A bunch of blocks, not assigned to nodes, are still kept in assignments.

Possible Solution

When the block is not assigned to the host - release it from assignments.

Steps to Reproduce (for bugs)

Create Kubernetes cluster with calico as cni plugin.
Create a bunch of deployments/replicasets/jobs, which will then create enough number of pods to have as many blocks assigned to hosts as possible. For this, we can set up small ipam size (e.g. /27) with small subnet size (e.g. /29).

Context

In the old cluster with ipam network size /18 and subnet block size /26 (default) we got into a situation, where there were 16 subnets, assigned to hosts(/calico/ipam/v2/host/<host>/<block>), but ~240 subnets in assignments (/calico/ipam/v2/assignment/).

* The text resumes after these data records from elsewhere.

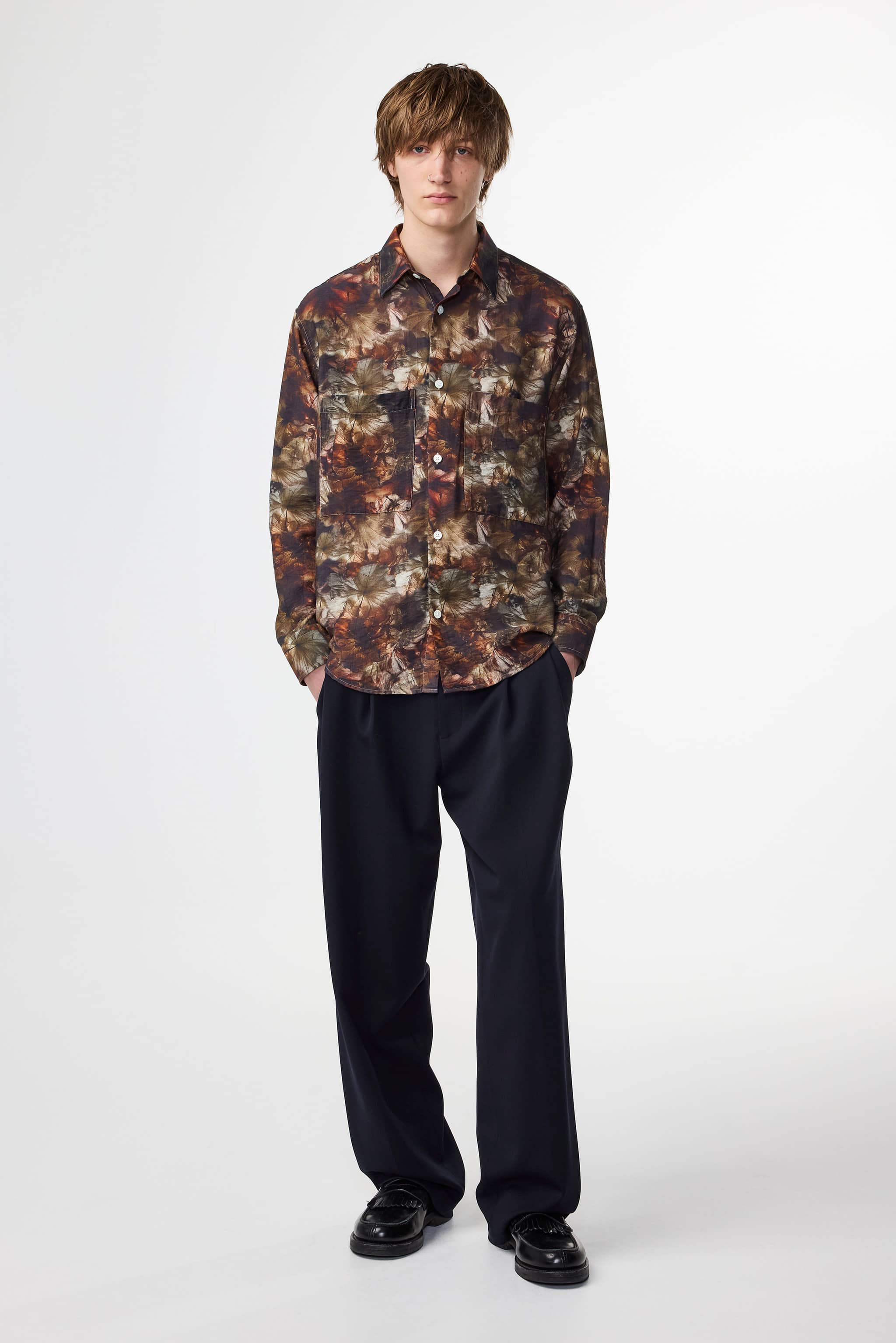 Shirt featuring a digital photo print, crafted from a crisp, lightweight modal blend. Finished with mother-of-pearl buttons for a refined touch.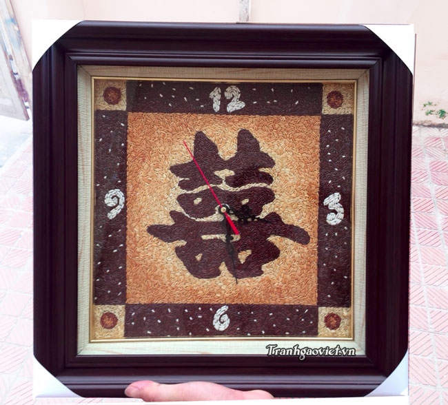 Tranh gạo đồng hồ xếp chữ thư pháp mẫu khách đặt làm quà tặng đối tác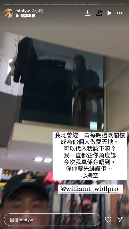 之後FaFa再貼出影片並表示「上PT唔洗著褲」,可見她在健身室中,但一地都是衣服,之後她轉角準備上樓梯,就見到一名健壯的男士走下來,相信就是FaFa的老公。除此之外,影片中右上角閣樓位置有一名女子閃閃縮縮,相信這位就是FaFa所指的吳泳。

That lead is into the issue like

  Warning  FailedCreatePodSandBox  11m (x815 over 44h)    kubelet, worker-x53vn-7f9964b764-2rlb6  (combined from similar events): Failed create pod sandbox: rpc error: code = Unknown desc = failed to set up sandbox container "495cffc4ae7e0e717a62ca01f8249a42928997e9d37e604e2bf2440d108ff0f4" network for pod "test-report-service-7c7f8486bd-qkbl8": NetworkPlugin cni failed to set up pod "test-report-service-7c7f8486bd-qkbl8_default" network: failed to request 1 IPv4 addresses. IPAM allocated only 0

After manual cleaning etcd of all the subnets, which were not assigned to hosts, issues were resolved. E.g.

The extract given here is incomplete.